When you set up an Identity Server cluster and add more than one Identity Server to the cluster, you have set up fault tolerance. This ensures that if one of Identity Servers goes down, users still have access to your site because the other Identity Server can be used for authentication. However, it does not provide session failover. If a user has authenticated to the failed Identity Server, the user is prompted to authenticate and the session information is lost.

When you enable session failover and an Identity Server goes down, the user’s session information is preserved. Another peer server in the cluster re-creates the authoritative session information in the background. The user is not required to log in again and experiences no interruption of services.

Prerequisites

  • An Identity Server cluster with two or more Identity Servers.

  • Sufficient memory on Identity Servers to store additional authentication information.
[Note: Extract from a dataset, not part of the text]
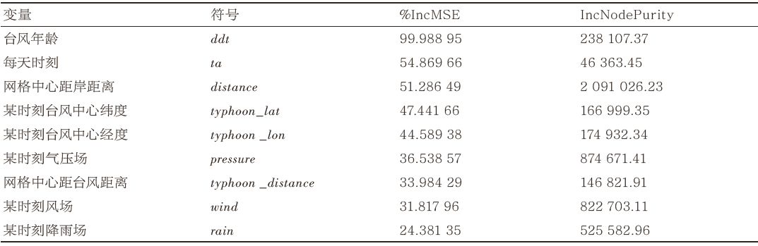 表3 随机森林模型特征重要性排序 6 @% Q n& K* R: U( F
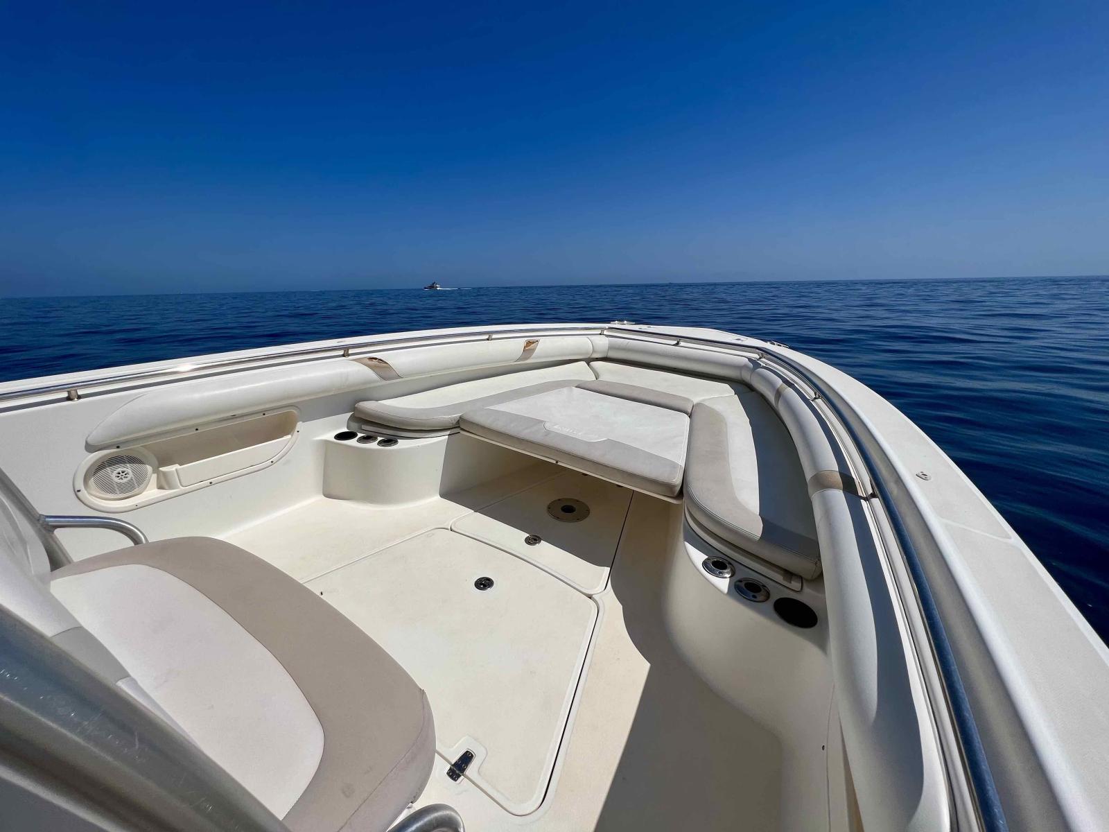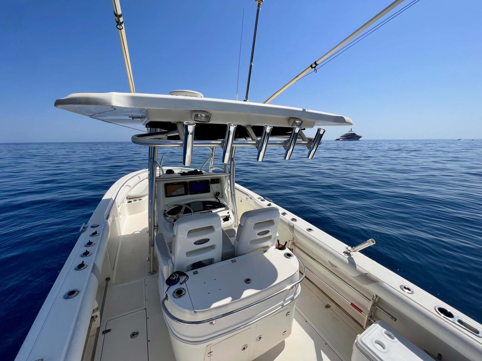 D’une longueur de 9.80 m, ce modèle 2007 est motorisé par Mercury (275 CV) .

When an Identity Server is selected to be a failover peer, Identity Server stores about 1 KB of session information for each user authenticated on the other machine.

  • Sufficient network bandwidth for the increased login traffic. Identity Server sends the session information to all Identity Servers that have been selected to be its failover peers.

  • All trusted Embedded Services Providers are configured to send the attributes used in Form Fill and Identity Injection policies at authentication. If you use any attributes other than the standard credential attributes in your contracts, send these attributes also. To send attributes, click Devices > Identity Servers > Edit > Liberty > [Name of Service Provider] > Attributes.

Configuring Session Failover

  1. Click Devices > Identity Servers > [Identity Server cluster].

  2. Click IDP Failover Peer Server Count, then select the number of failover peers for each Identity Server.

    • To disable this feature, select 0.

    • To enable this feature, select one or two less than the number of servers in your cluster. For example, if you have four servers in your clusters and you want to allow for one server being down for maintenance, select 3 (4-1=3). If you want to allow for the possibility of two servers being down, select 2 (4-2=2).

      If you have eight or more servers in your cluster, the formula 8-2=6 gives each server 6 peers. In a larger cluster, you must limit the number of peers to 2 or 3. If you select too many peers, your machines require more memory to hold the session data and slow down your network with the additional traffic for the session information.

  3. Click OK.

How Failover Peers Are Selected

The failover peers for Identity Server are selected according to their proximity. Access Manager sorts the members of the cluster by their IP addresses and ranks them according to how close their IP addresses are to the server who needs to be assigned as failover peers. It selects the closest peers for the assignment. For example, if a cluster member exists on the same subnet, that member is selected to be a failover peer before a peer that exists on a different subnet.